## EXERCISE DIRECTIONS
In the copy, keep every line below as it is and leave out the pictures.

## Stored records
════════
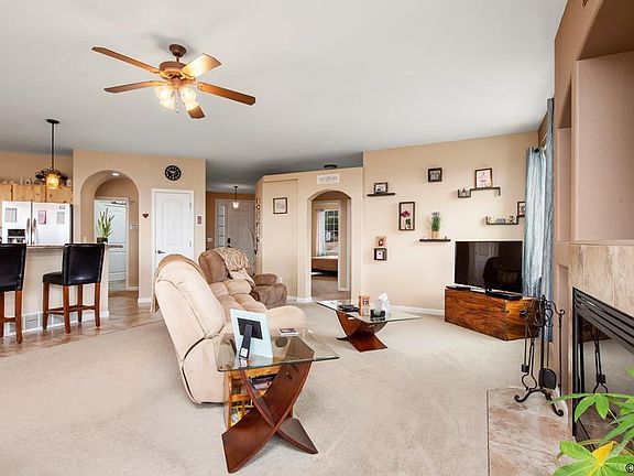You'll love this gorgeous rancher featuring 6 bedrooms, 3 baths, and 3 car garage. Open kitchen with beautiful cabinets, attractive tile floor, newer appliances, and great breakfast bar. Living room has a fireplace. Big master suite with walk in shower, nice soak tub, walk in closet and his and her sinks, Main level laundry for convenience and includes newer Washer & Dryer. The walkout basement does not feel like a basement - many windows to let in light, fully finished, three large bedrooms with walk in closets, a full bathroom, family and rec room for your enjoyment. Back yard has a fire pit and horse shoe pit. New roof, gutters, down spouts. All doors, fascia and soffit repainted. Wood on deck has been replaced, stain and sealed. 8 windows have been replaced.
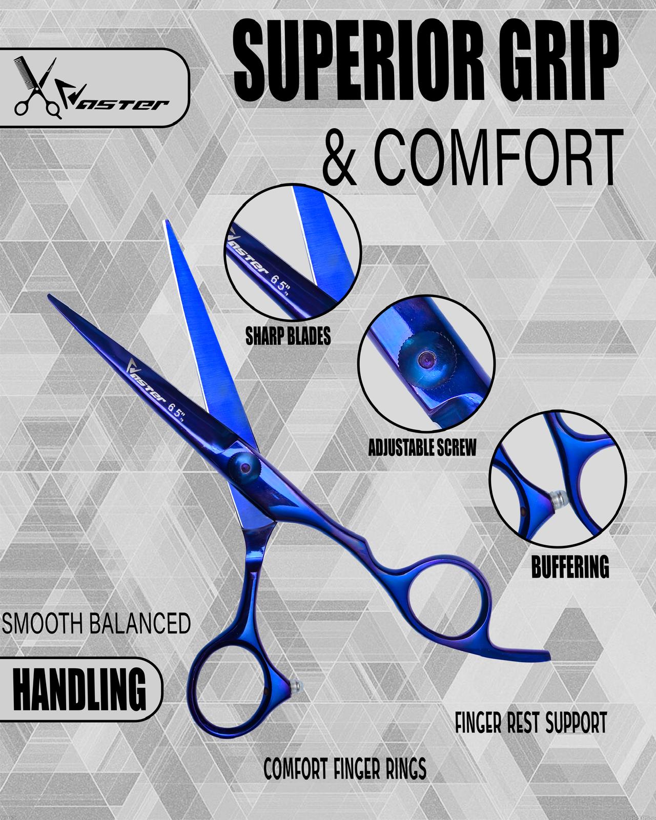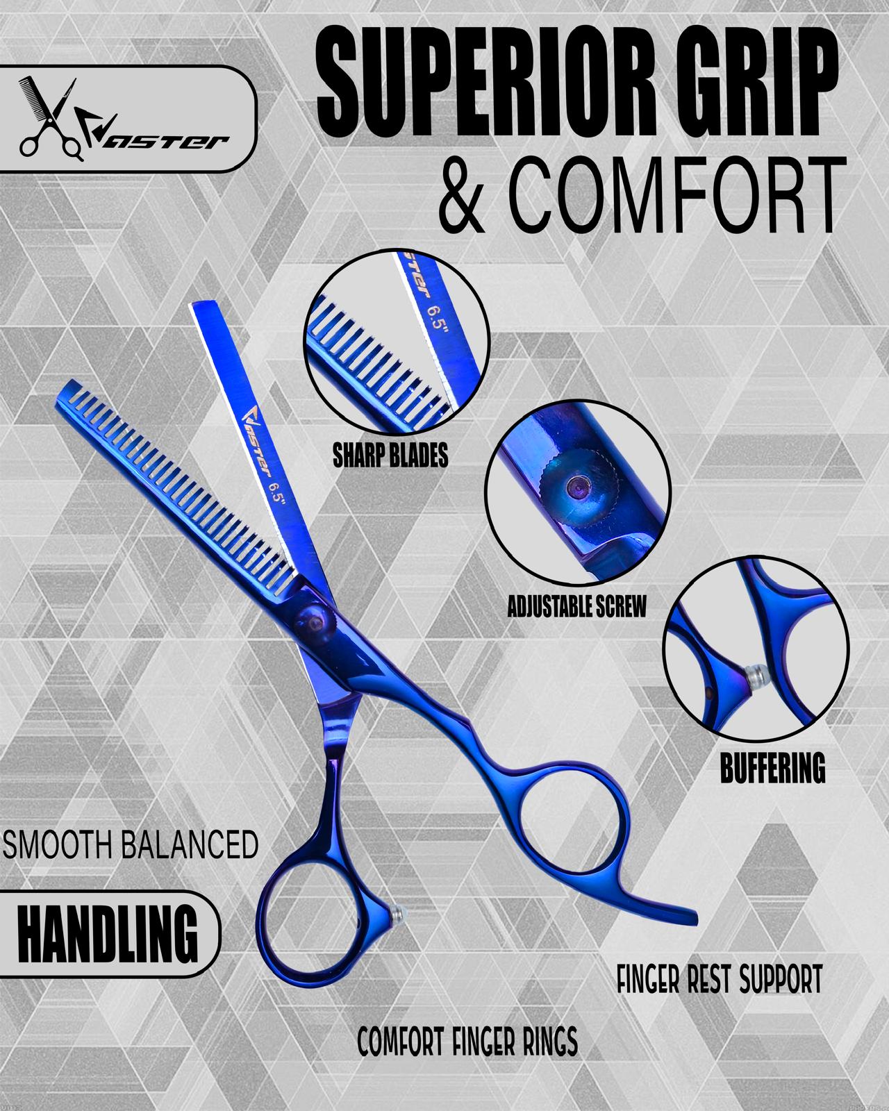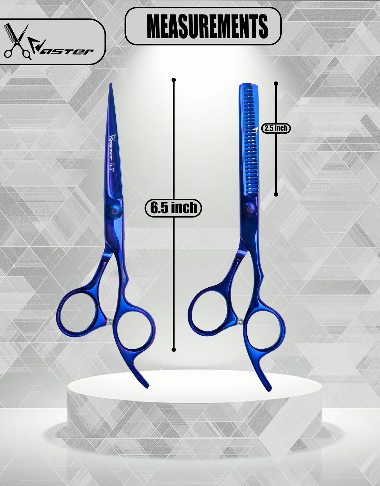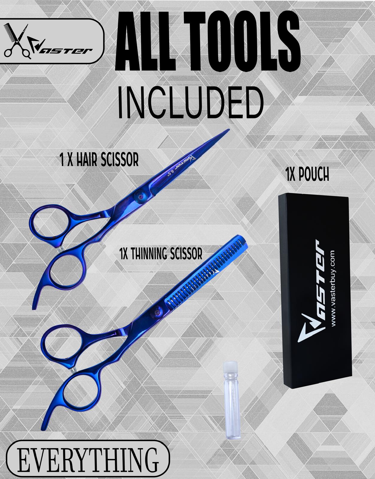 Finished with a sleek premium blue coating, the Vaster scissors offer both style and long-lasting performance. The kit includes all essential tools to help you achieve salon-quality results.
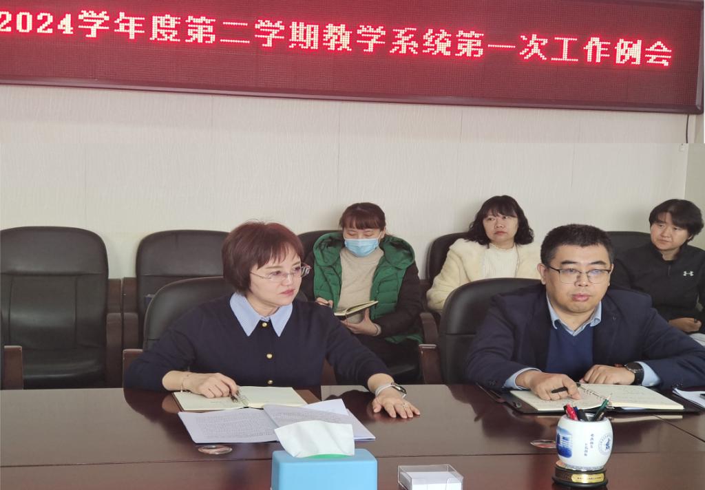 2月28日,我校召开了2023-2024年度第二学期教学系统第一次工作例会,副校长张晓娟出席会议。会议由教务处处长罗大伟主持。 会上,张晓娟对上学年教学工作的有序开展给予了充分肯定,针对本学年教学工作从三个方面八项具体工作进行了部署并提出五点要求。一是继续做好新学期的各项准备工作。二是全校要以“双高”建设为主线提高站位。严谨、严格、规范开展各项工作,做到早谋划、早动手、早实施。三是狠抓教学组织管理。转变工作作风,强化校风师风,增强责任心,打造有效课堂。四是深化教学改革。以课程建设为突破口,积极筹备国家教学能力大赛,着力培育高水平教学成果。五是持续推进招生和就业工作。要招生就业两手抓,创新宣传方式。 罗大伟从教师管理、安全管理、实习管理、教学水平提升、专业建设、赛事准备等方面进行工作安排。教务处副处长刘凯、宋丽伟分别对常规教学运行、实训安排等方面工作做了具体说明。 教务处全体人员及各教学单位负责同志参加会议。 (供稿单位:教务处 初审:孟令飞 复审:刘莹 终审:汤海涛)
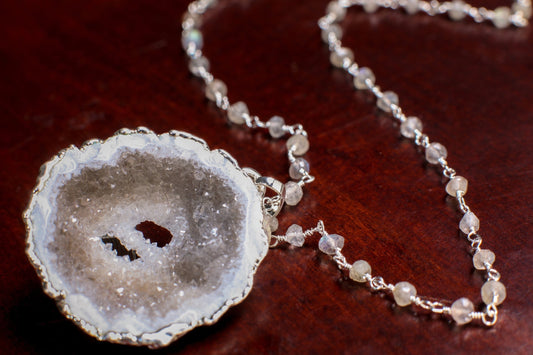 Natural Druzy Agate, Geod Free Form Silver Bezel with Labradorite Beaded Chain 14"-30"Necklace, Natural Healing,very Sparkling Druzy gift.
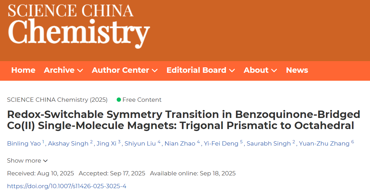 近日,国际知名期刊Science China Chemistry(《科学中国化学》)在线发表了无机化学教研室姚彬玲博士在分子纳米磁体领域的最新研究成果,论文题目为“Redox-Switchable Symmetry Transition in Benzoquinone-Bridged Co(II) Single-Molecule Magnets: Trigonal Prismatic to Octahedral”(《苯醌桥连钴(II)单分子磁体的氧化还原调控对称性转变:三棱柱构型向八面体构型的转换》)。姚彬玲博士为论文第一作者和通讯作者,南方科技大学张元竹教授、印度海得拉巴理工学院Saurabh Singh教授为论文共同通讯作者,williamhill官网为论文第一通讯单位,Science China Chemistry是Science Press出版社旗下的化学领域期刊,SCI中科院一区TOP期刊,最新影响因子为9.7。
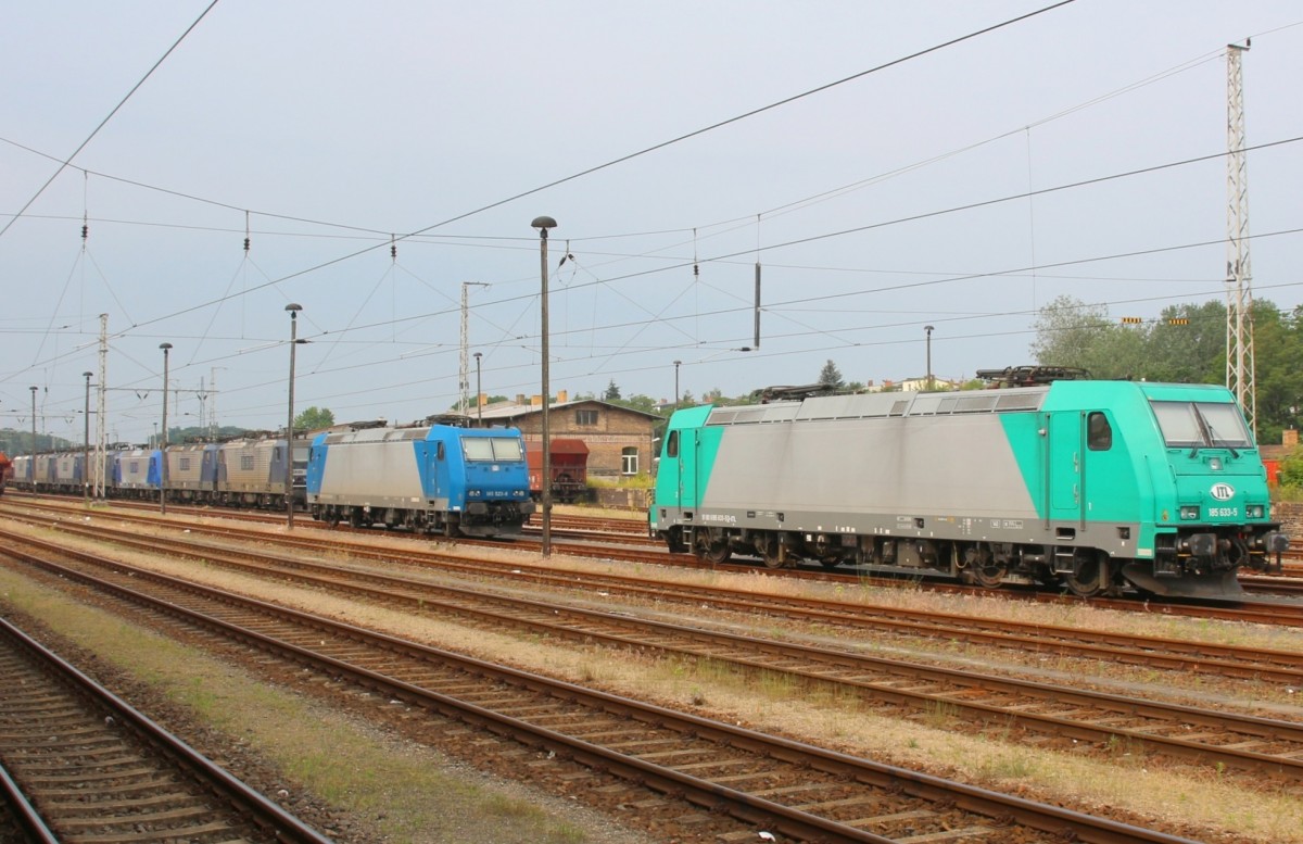 27.6.2015 Eberswalde Hbf. 185 523 + 633 (v.l.) + 7 RBH Maschinen abgestellt
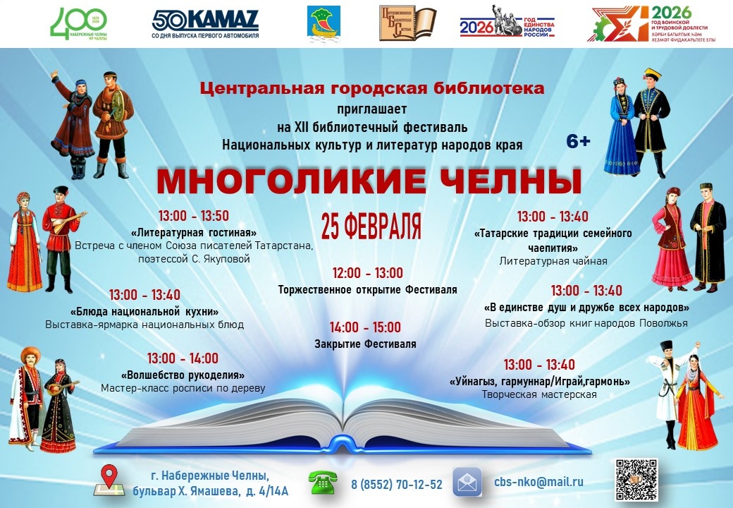 25 февраля в Центральной городской библиотеке состоится Библиотечный фестиваль национальных культур и литератур народов края – «Многоликие Челны». Фестиваль организуется национально-краеведческим отделом ЦГБ. На фестивале примут участие представители разных национальностей, проживающих на территории города Набережные Челны. В 12.00 часов в актовом зале Центральной городской библиотеки состоится торжественное открытие фестиваля. В рамках Библиотечного фестиваля «Многоликие Челны» предусмотрена работа шести увлекательных и познавательных площадок. Площадка – «Литературная гостиная»организована в национально – краеведческом отделе библиотеки. Здесь пройдет встреча с писателем, членом Союза писателей Республики Татарстан С. Якуповой. Для желающих прочитать стихи будет работать свободный микрофон. Площадка «Волшебство рукоделия»посвящена ремеслам нашего края. Если вы хотите посмотреть выставки народных промыслов и ремесел, принять участие в мастер-классах росписи по дереву. – то добро пожал
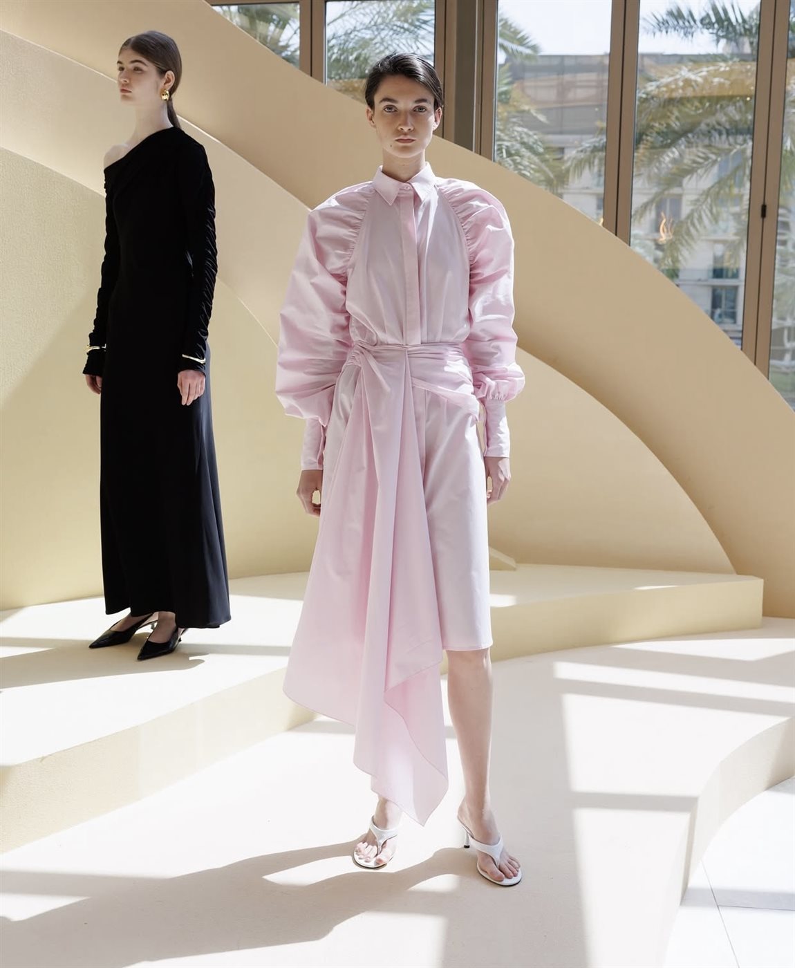 سيطر اللون الأسود على الأغلب، مانحًا العرض روح الغموض والأناقة العصرية، مع استخدام أقمشة فاخرة وقصّات مريحة، بينما أضافت التفاصيل غير التقليدية مثل أغطية الرأس والأوشحة لمسة درامية مميزة للعرض، عاكسة أسلوب العلامة الجريء والمبتكر.
════════
## TASK OUTPUT
You'll love this gorgeous rancher featuring 6 bedrooms, 3 baths, and 3 car garage. Open kitchen with beautiful cabinets, attractive tile floor, newer appliances, and great breakfast bar. Living room has a fireplace. Big master suite with walk in shower, nice soak tub, walk in closet and his and her sinks, Main level laundry for convenience and includes newer Washer & Dryer. The walkout basement does not feel like a basement - many windows to let in light, fully finished, three large bedrooms with walk in closets, a full bathroom, family and rec room for your enjoyment. Back yard has a fire pit and horse shoe pit. New roof, gutters, down spouts. All doors, fascia and soffit repainted. Wood on deck has been replaced, stain and sealed. 8 windows have been replaced.
 Finished with a sleek premium blue coating, the Vaster scissors offer both style and long-lasting performance. The kit includes all essential tools to help you achieve salon-quality results.
 2月28日,我校召开了2023-2024年度第二学期教学系统第一次工作例会,副校长张晓娟出席会议。会议由教务处处长罗大伟主持。 会上,张晓娟对上学年教学工作的有序开展给予了充分肯定,针对本学年教学工作从三个方面八项具体工作进行了部署并提出五点要求。一是继续做好新学期的各项准备工作。二是全校要以“双高”建设为主线提高站位。严谨、严格、规范开展各项工作,做到早谋划、早动手、早实施。三是狠抓教学组织管理。转变工作作风,强化校风师风,增强责任心,打造有效课堂。四是深化教学改革。以课程建设为突破口,积极筹备国家教学能力大赛,着力培育高水平教学成果。五是持续推进招生和就业工作。要招生就业两手抓,创新宣传方式。 罗大伟从教师管理、安全管理、实习管理、教学水平提升、专业建设、赛事准备等方面进行工作安排。教务处副处长刘凯、宋丽伟分别对常规教学运行、实训安排等方面工作做了具体说明。 教务处全体人员及各教学单位负责同志参加会议。 (供稿单位:教务处 初审:孟令飞 复审:刘莹 终审:汤海涛)
 Natural Druzy Agate, Geod Free Form Silver Bezel with Labradorite Beaded Chain 14"-30"Necklace, Natural Healing,very Sparkling Druzy gift.
 近日,国际知名期刊Science China Chemistry(《科学中国化学》)在线发表了无机化学教研室姚彬玲博士在分子纳米磁体领域的最新研究成果,论文题目为“Redox-Switchable Symmetry Transition in Benzoquinone-Bridged Co(II) Single-Molecule Magnets: Trigonal Prismatic to Octahedral”(《苯醌桥连钴(II)单分子磁体的氧化还原调控对称性转变:三棱柱构型向八面体构型的转换》)。姚彬玲博士为论文第一作者和通讯作者,南方科技大学张元竹教授、印度海得拉巴理工学院Saurabh Singh教授为论文共同通讯作者,williamhill官网为论文第一通讯单位,Science China Chemistry是Science Press出版社旗下的化学领域期刊,SCI中科院一区TOP期刊,最新影响因子为9.7。
 27.6.2015 Eberswalde Hbf. 185 523 + 633 (v.l.) + 7 RBH Maschinen abgestellt
 25 февраля в Центральной городской библиотеке состоится Библиотечный фестиваль национальных культур и литератур народов края – «Многоликие Челны». Фестиваль организуется национально-краеведческим отделом ЦГБ. На фестивале примут участие представители разных национальностей, проживающих на территории города Набережные Челны. В 12.00 часов в актовом зале Центральной городской библиотеки состоится торжественное открытие фестиваля. В рамках Библиотечного фестиваля «Многоликие Челны» предусмотрена работа шести увлекательных и познавательных площадок. Площадка – «Литературная гостиная»организована в национально – краеведческом отделе библиотеки. Здесь пройдет встреча с писателем, членом Союза писателей Республики Татарстан С. Якуповой. Для желающих прочитать стихи будет работать свободный микрофон. Площадка «Волшебство рукоделия»посвящена ремеслам нашего края. Если вы хотите посмотреть выставки народных промыслов и ремесел, принять участие в мастер-классах росписи по дереву. – то добро пожал
 سيطر اللون الأسود على الأغلب، مانحًا العرض روح الغموض والأناقة العصرية، مع استخدام أقمشة فاخرة وقصّات مريحة، بينما أضافت التفاصيل غير التقليدية مثل أغطية الرأس والأوشحة لمسة درامية مميزة للعرض، عاكسة أسلوب العلامة الجريء والمبتكر.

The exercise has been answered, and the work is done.